The above summary of assumptions and risks related to forward-looking statements in this news release has been provided in order to provide shareholders and potential investors with a more complete perspective on the Company’s current and future operations and such information may not be appropriate for other purposes. There is no representation by the Company that actual results achieved will be the same in whole or in part as those referenced in the forward-looking statements and the Company does not undertake any obligation to update publicly or to revise any of the included forward-looking statements, whether as a result of new information, future events or otherwise, except as may be required by applicable securities law.
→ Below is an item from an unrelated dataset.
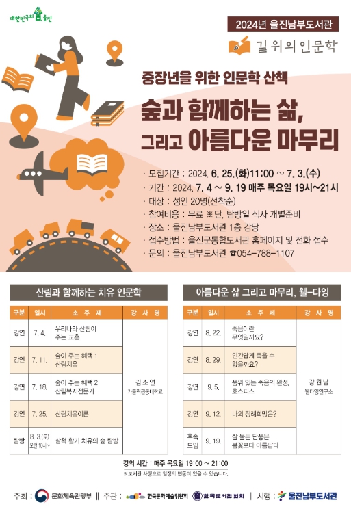‘중장년을 위한 인문학 산책: 숲과 함께하는 삶, 그리고 아름다운 마무리’프로그램은 매주 목요일 오후 7시부터 후포면 울진남부도서관 1층 강당에서 열릴 예정이며, 탐방과 후속 모임은 별도 일정으로 운영된다.

This press release contains future-oriented financial information and financial outlook information (collectively, “FOFI”) about the financial results for April 2022, year-to-date April 2022, and the quarter ended March 31, 2022, and the year ended December 31, 2022, including net sales, gross margin, and Adjusted EBITDA, all of which are subject to the same assumptions, risk factors, limitations, and qualifications as set out under the heading “Forward-Looking Information”. The actual financial results of the Company may vary from the amounts set out herein and such variation may be material. The Company and its management believe that the financial outlook has been prepared on a reasonable basis, reflecting management’s best estimates and judgments and the FOFI contained in this press release was approved by management as of the date hereof. However, because this information is subjective and subject to numerous risks, it should not be relied on as necessarily indicative of future results. Except as required by applicable securities laws, the Company undertakes no obligation to update such FOFI. FOFI contained in this press release was made as of the date hereof and was provided for the purpose of providing further information about the Company’s anticipated future business operations on a quarterly and annual basis. Readers are cautioned that the FOFI contained in this press release should not be used for purposes other than for which it is disclosed herein.